A developer needs to call an external REST API from a ServiceNow flow. The external API requires OAuth 2.0 Bearer token authentication. What is the CORRECT approach in Flow Designer?

Answer choices

  • A. Hard-code the Bearer token in a flow variable using Set Variable action

  • B. Create a REST Message with HTTP Method, configure an OAuth 2.0 Connection and Credential Alias, and use the Invoke REST Message step (Correct)

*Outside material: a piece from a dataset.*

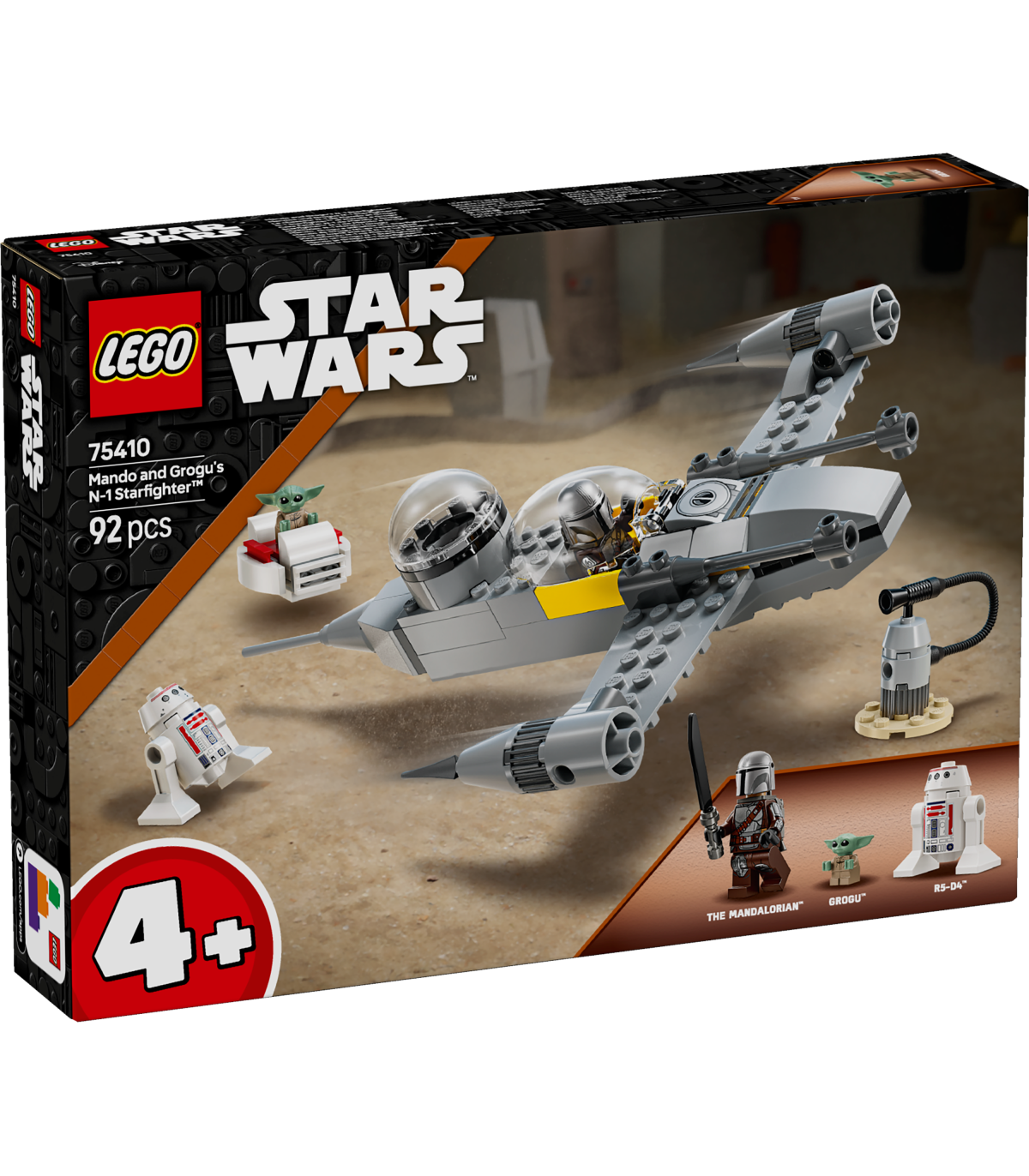 • Mando ja Grogu N-1 Starfighteri ehitusmänguasi – üle 4-aastased lapsed õpivad selle lõbusa stardikomplektiga ehitama LEGO® klotsidega ja looma ise fantaasialugusid sarja Star Wars: The Mandalorian™ kangelastega

  • C. Use a Script step with XMLHTTPRequest to call the API directly

  • D. Create a REST API from the Inbound REST section to proxy the external API

Explanation

ServiceNow Flow Designer integrates with the Connection & Credential Aliases framework. For OAuth 2.0 external APIs, you: (1) Create an OAuth 2.0 provider record with the token endpoint, client ID, and secret; (2) Create a Connection & Credential Alias that references the OAuth provider; (3) Configure a REST Message (Outbound REST) with HTTP Method and the Connection alias. The Flow Designer "Invoke REST Message" step then handles token acquisition and refresh automatically. Hard-coding tokens (option A) is a security risk and maintenance burden. XMLHTTPRequest (option C) is a browser-side JavaScript API not available server-side. Inbound REST (option D) creates APIs that receive calls, not make them.

Question 5

A developer wants to create a custom component for the Next Experience (UI Builder) platform using the ServiceNow Component SDK. What programming model does the SDK use?

Answer choices

  • A. Angular framework with TypeScript decorators

  • B. React-like functional components with snabbdom virtual DOM and the @servicenow/ui-core library (Correct)

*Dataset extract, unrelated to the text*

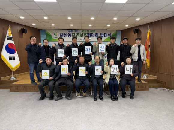 김천 자산 행정복지센터가 지난 28일 2층 강당에서 ‘자산동 자연보호협의회’ 발대식을 개최했다.

  • C. Vue.js single-file components

  • D. Plain JavaScript Web Components using the Custom Elements v1 specification

Explanation

ServiceNow's Next Experience Component SDK uses a React-inspired model built on top of the `snabbdom` virtual DOM library with the `@servicenow/ui-core` package. Components are defined using the `createCustomElement()` function with: view (render function using `h()` virtual DOM), controller (action handlers), state (immutable component state), and effects (async operations). This is NOT React, Angular, or Vue—it's a proprietary framework. The development workflow uses `snc-ui-component create` CLI, and components are built and deployed to the ServiceNow instance. Understanding this component model is required for the CAD Advanced certification track.